══ DATA TO EXAMINE
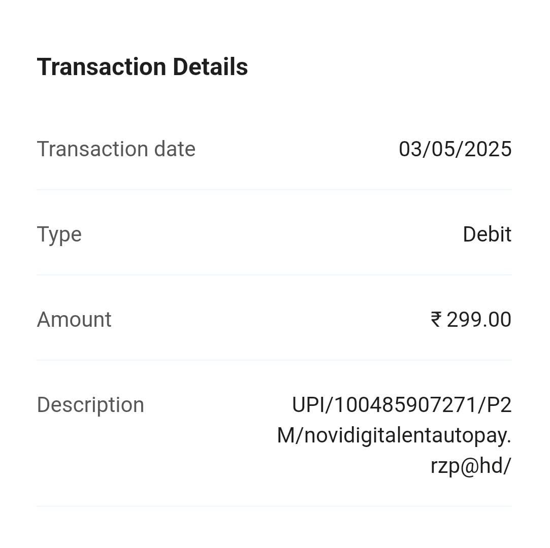 I, Kartik, am filing this complaint to report an unauthorized deduction of ₹299 from my Punjab National Bank account on 03/05/2025. The transaction was labeled under “Novi Digi Talent Autopay”, a service I have never subscribed to or interacted with in any form. I did not authorize any autopay, purchase, or registration related to this entity, nor was I informed or invoiced for any such payment. This deduction was made without my knowledge or consent, indicating a serious issue of unauthorized transaction and potential fraud.
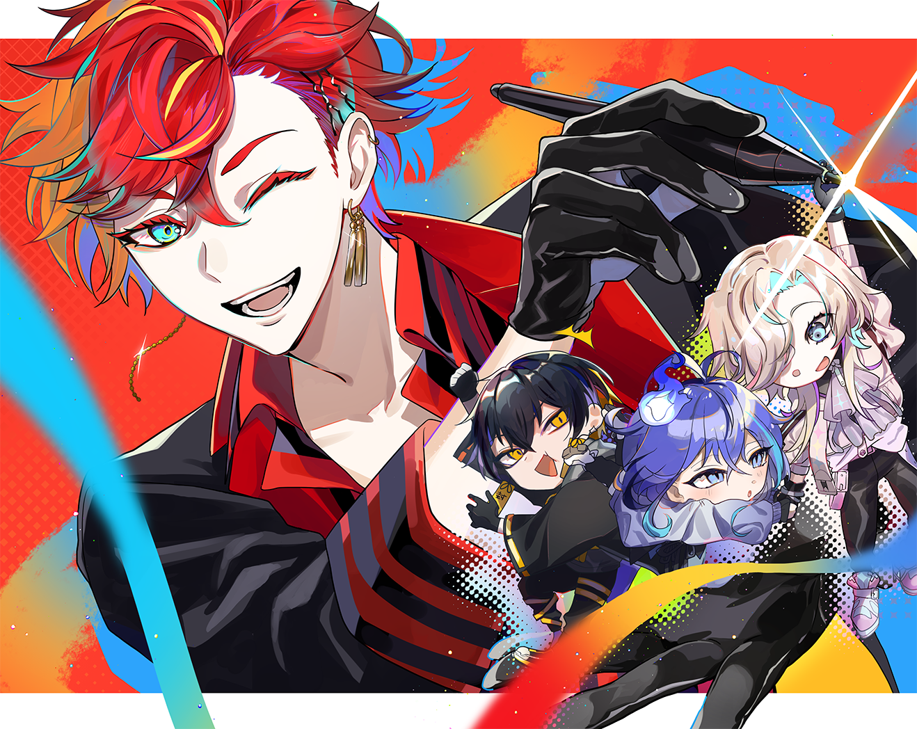 4boys :d :o ;d ^^^ antenna_hair aqua_eyes aqua_hair arm_up ascot azumame_tetora black_coat black_footwear black_gloves black_hair black_jacket black_pants black_shirt blonde_hair blue_eyes boots bracelet chibi clenched_hand coat colored_inner_hair cropped_jacket crossed_bangs dangling earrings full_body gloves grey_ascot grey_hoodie hair_between_eyes hair_ornament hair_over_one_eye hairclip high_heel_boots high_heels hitodama hizaki_gamma holding holding_hands holding_pen holostars hood hoodie in_palm jacket jewelry letterboxed long_hair looking_at_another looking_at_viewer looking_back minase_rio minase_rio_(1st_costume) mismatched_earrings multicolored_background multicolored_hair multiple_boys one_eye_closed open_collar open_mouth orange_background orange_hair outside_border pants pen pink_hair pink_shoes purple_hair red_hair red_shirt shirt shoes short_hair smile streaked_hair striped_clothes striped_shirt teeth thigh_strap two-tone_hair two-tone_shirt upper_body uproar_(holostars) utsugi_uyu virtual_youtuber white_footwear white_jacket white_shirt yatogami_fuma yellow_eyes
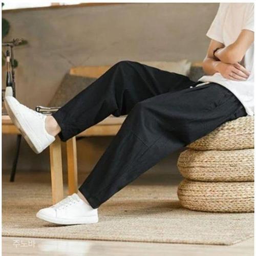 남자 캐주얼 면바지 와이드 배기 린넨팬츠 사계절용 루즈핏 무지 스트링 순색 9부바지
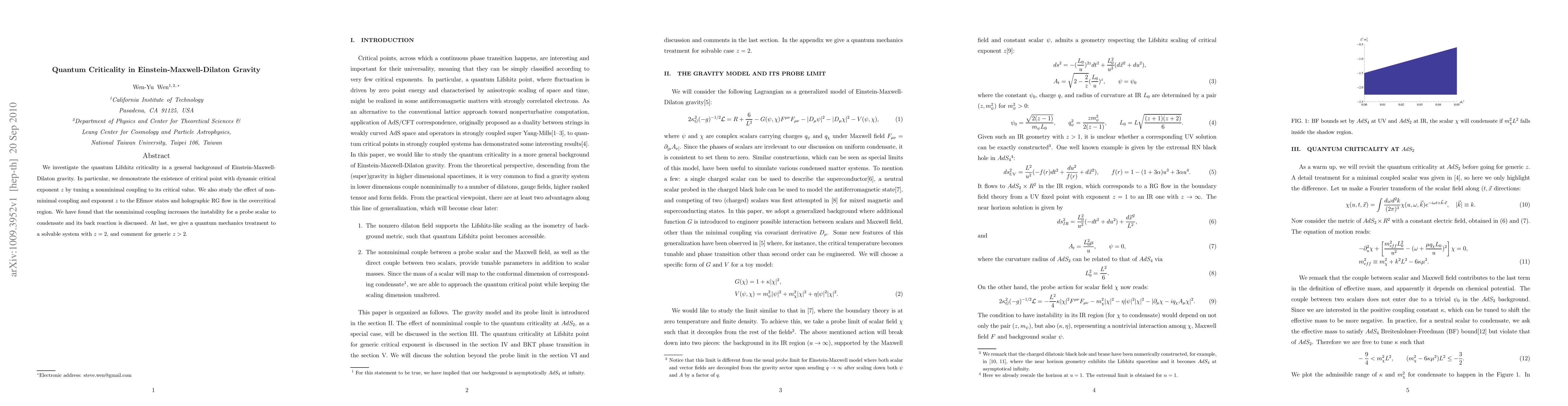 This paper explores quantum Lifshitz criticality in Einstein-Maxwell-Dilaton gravity, demonstrating a critical point with dynamic exponent z via a nonminimal coupling. It examines the effects of this coupling on Efimov states and holographic RG flow, finding that it enhances scalar condensate instability, and provides a quantum mechanics treatment for z=2 systems.
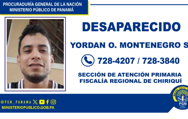 La Procuraduría General de la Nación (PGN), mediante comunicado de prensa, solicitó a la población información para dar con el paradero del ciudadano Yordan Oscar Montenegro Saldaña, de 33 años, quien desapareció desde el mes de febrero.
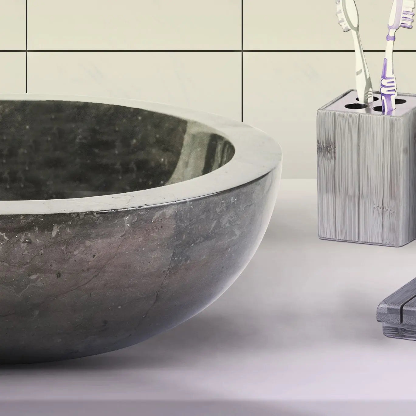 SaniSupreme Volledig gepolijste waskom van steen - Zwart Marmer 35x12CM
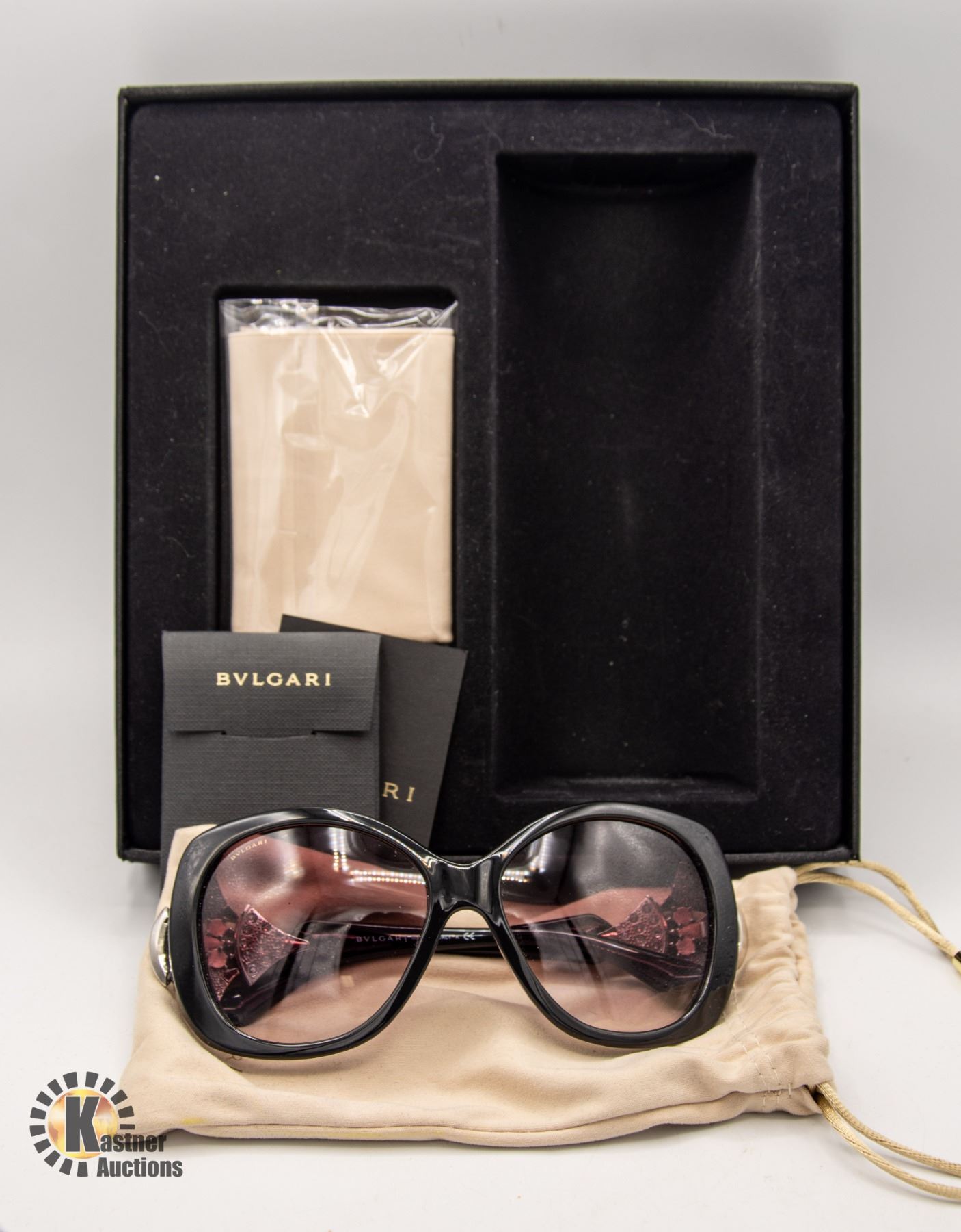 WITH SWAROVSKI CRYSTAL ON FRONT ARMS OF FRAME WITH COA, IN BVLGARI STORAGE BOX **ALL ITEMS MUST BE REMOVED BY 5PM SATURDAY, FEBRUARY 24TH 2024. ALL REMAINING ITEMS WILL BE SUBJECT TO A $6.00 PER DAY STORAGE CHARGE. ANY ITEMS REMAINING AFTER MONDAY, MARCH 11TH, 2023 WILL BE CONSIDERED FORFEITED. NO REFUNDS WILL BE ISSUED FOR FORFEITED ITEMS. TO SCHEDULE A PICK UP APPOINTMENT CLICK HERE
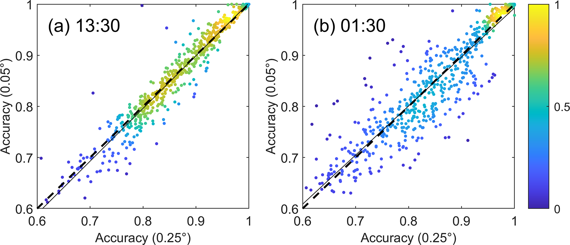 Accuracy was calculated separately for the 0.25 and 0.05° FT products. The validation process, illustrated in Fig. 3, was conducted using a single, larger 0.25° grid cell as an example.
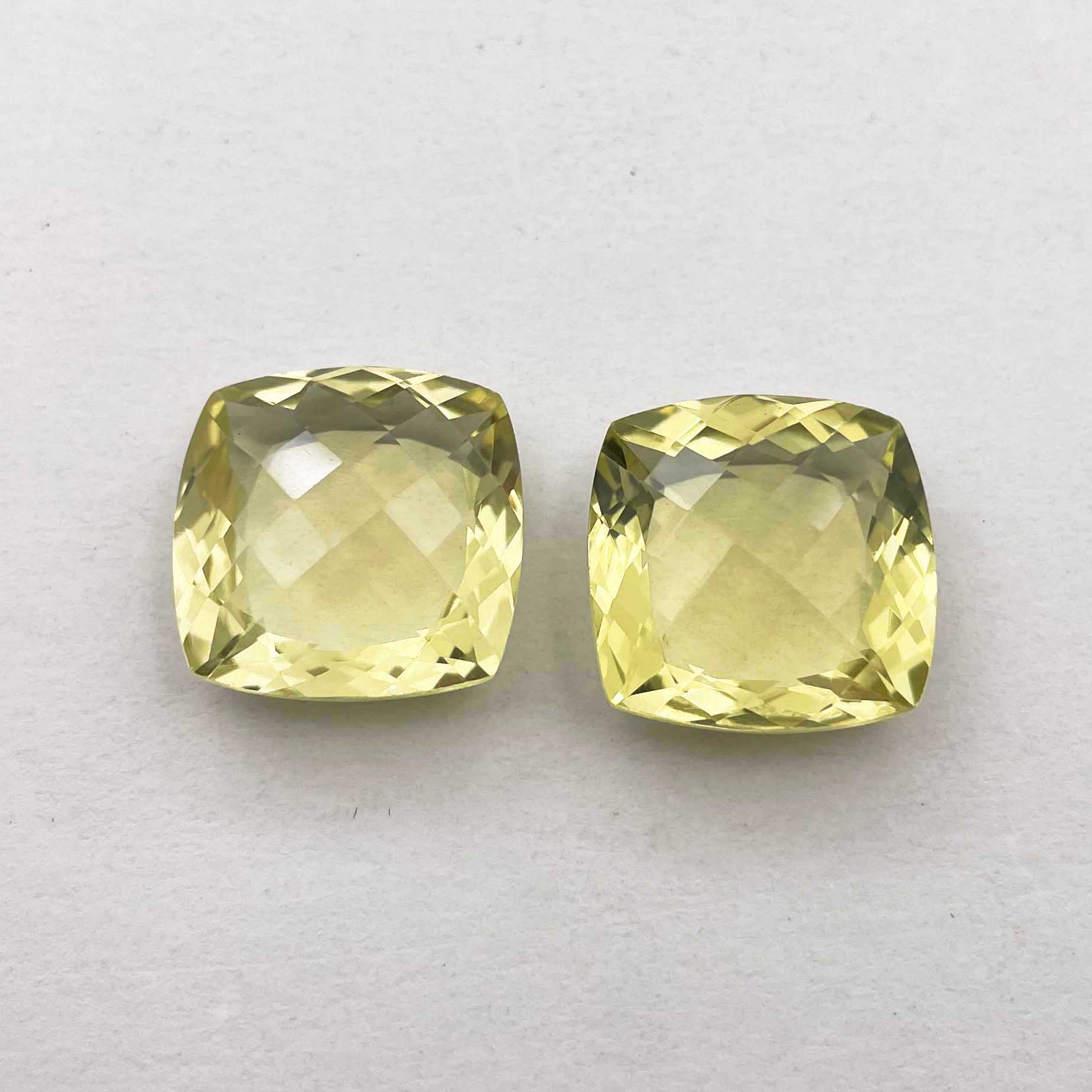 Natural Lemon Quartz Square Cushion Checker Cut Loose Stone Lot 2 Pcs 18 MM 42CT
════
Your task is to copy only the lines above starting at the one containing "La Procuraduría General" and ending at the one containing "SaniSupreme Volledig gepolijste". Copy them exactly, both ends included, and omit the pictures.

 La Procuraduría General de la Nación (PGN), mediante comunicado de prensa, solicitó a la población información para dar con el paradero del ciudadano Yordan Oscar Montenegro Saldaña, de 33 años, quien desapareció desde el mes de febrero.
 SaniSupreme Volledig gepolijste waskom van steen - Zwart Marmer 35x12CM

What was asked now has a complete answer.